Blessed Be To You Too
Joe


----------



## Exile182 (Jan 26, 2013)

Hrrmm ok


----------



## Randy Stone (Jan 2, 2008)

Quote: I dont think i need to chill, I said nothing wrong, I just stated something simple and I had to defend the fact that things where miss said or interpreted, that is all. 

So you had to defend your response. Why, because people take things as they read it differently. 

Then Joe says, Quote: What matters is that you know that I didn't mean to offend you. Once again people take things as they read it differently. 

The longer this thread gets the crazier responses you're going to get as some read the last page of the thread and jump in stating their points of veiw on the subject without knowing everything that has been said in the whole thread. 

I still believe it all comes down to people with thin skin and those with thick skin. 

Those with thin skin typically find the negative in everything. Those with thick skin will over look most comments they think to be against their beliefs. Yes, there are those in the middle. 

In another thread about coal hoppers, Charles said a paticular photo posted wasn't appropriate to the discussion. I asked Charles how he came to that conclussion. To my knowledge, Charles didn't get offended by my questioning. He stated why he felt it wasn't a good choice. 

We all have to remember that this website has hobbist of different mind sets. 

There are those that simply feel their trains are mear toys. 

Then you have those that want everything exactly to scale as the prototype was. 

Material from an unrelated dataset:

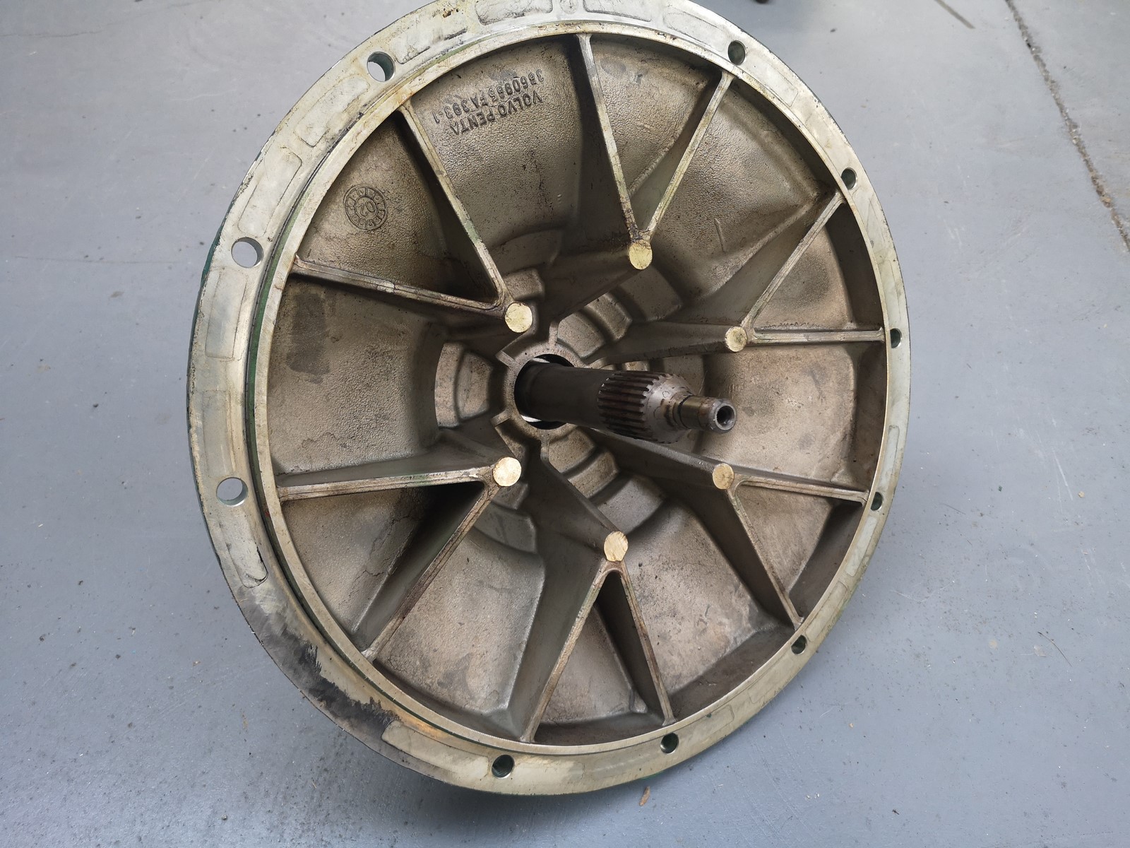 Cloche moteur VOLVO pour 6 cylindres diesel AD41P-A avec arbre et roulements recent, piéce en état neuve.
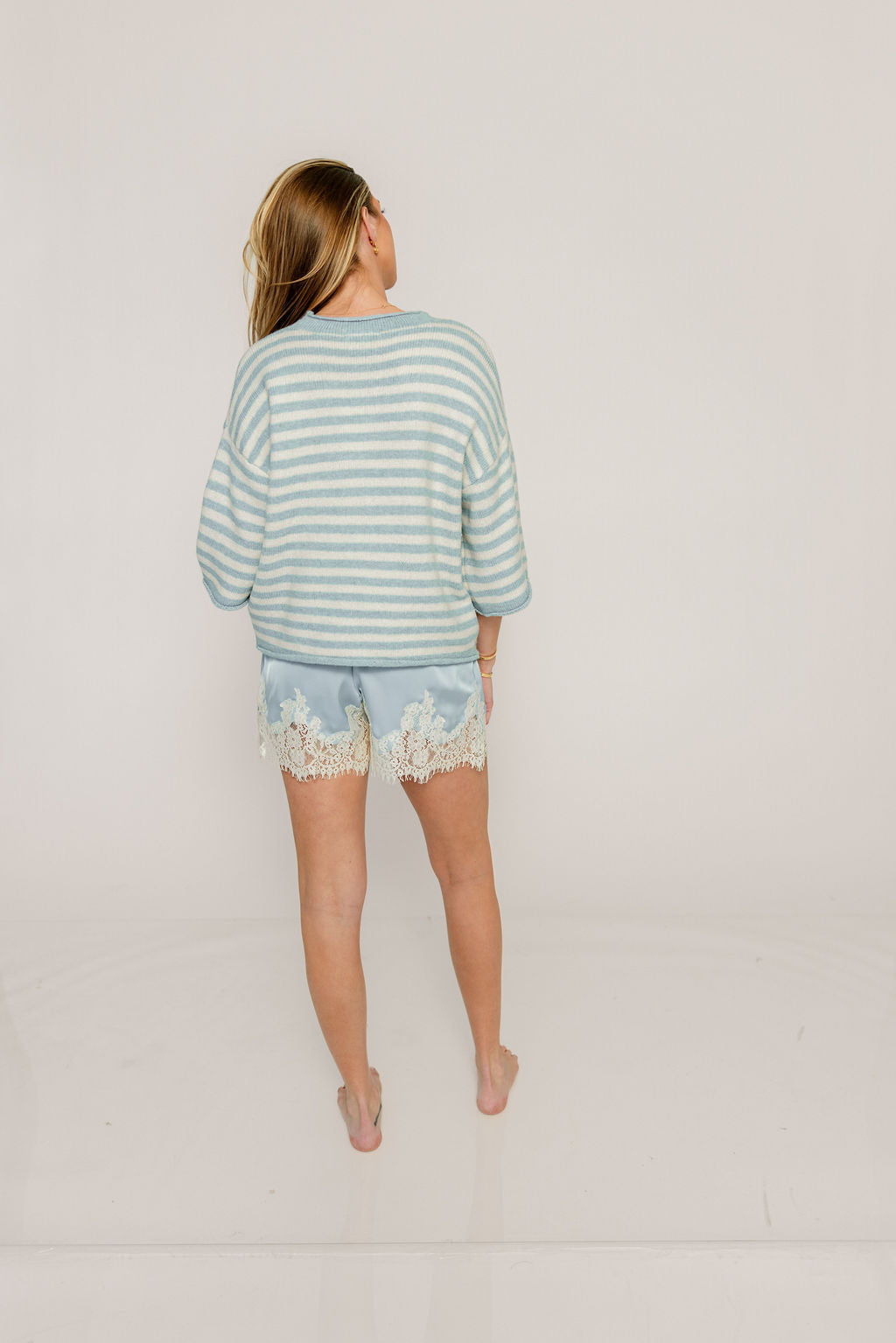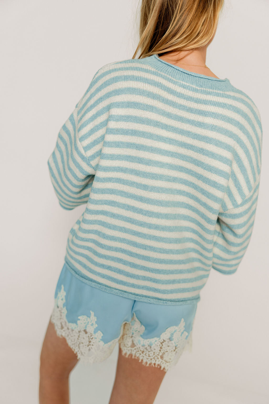 Imogen Striped 3/4 Sleeve Cardigan Top in Light Blue Ivory

Me, I consider myself as being in the middle, but I'm sure the some of the rivit counters may well feel there is no middle ground in their mind. 

For me, I am having fun with what I have and that is what you should be doing.


----------



## gra2472 (Mar 1, 2009)

You are all acting like children, grow up. This is a public forum, its like being in the bar and having a conversation everybody can hear all at once and we all get a chance to respond. If you pose a question to the room you are opening yourself up to anything and everything that anybody has to say whether they agree with you or not. If you can't handle it or if you have thin skin stay away from open forums. I agree that there are some snarky people out there and many people take their hobby way to seriously but thats their business not yours or mine. There are things that I have done with my trains that people have criticized me for but this is art. It is meant to be creative and expressive of how you view the world. You do as you see fit and if somebody online in a public forum thinks you screwed up, big deal, suck it up and move on. These trains are toys and the level to which you want to play with them is your business, but remember that in the end this is a play thing meant to occupy otherwise wasted time. I think it important to remember too that some folks are better writers than others, and some have better communication skills of simply have more tact that others but the vast majority simply don't give a damn how you feel about what they say, they have their big boy pants on. Here's how it works; You ask, they answer, you live with the consequences of those answers. You have to own your question or topic and the answers you get whether they be good, bad, mean, sarcastic, or humorous. DON'T PUT YOURSELF OUT THERE IF YOU CAN'T HANDLE THE CRITICISM! Sure it sucks when I post a picture about something that I like but somebody else doesn't, but as far as I care they are expressing their opinion and they have a right to it. Everybody is a critic so live with it. If we remove the criticism and just go around telling ourselves we are wonderful and never voice our opinions than what is the point of being expressive? I hope somebody will like my railroad, but if they don't they can go suck eggs.


----------



## Charles (Jan 2, 2008)

Posted By rlvette on 11 Feb 2013 09:06 AM 
Quote: I dont think i need to chill, I said nothing wrong, I just stated something simple and I had to defend the fact that things where miss said or interpreted, that is all. 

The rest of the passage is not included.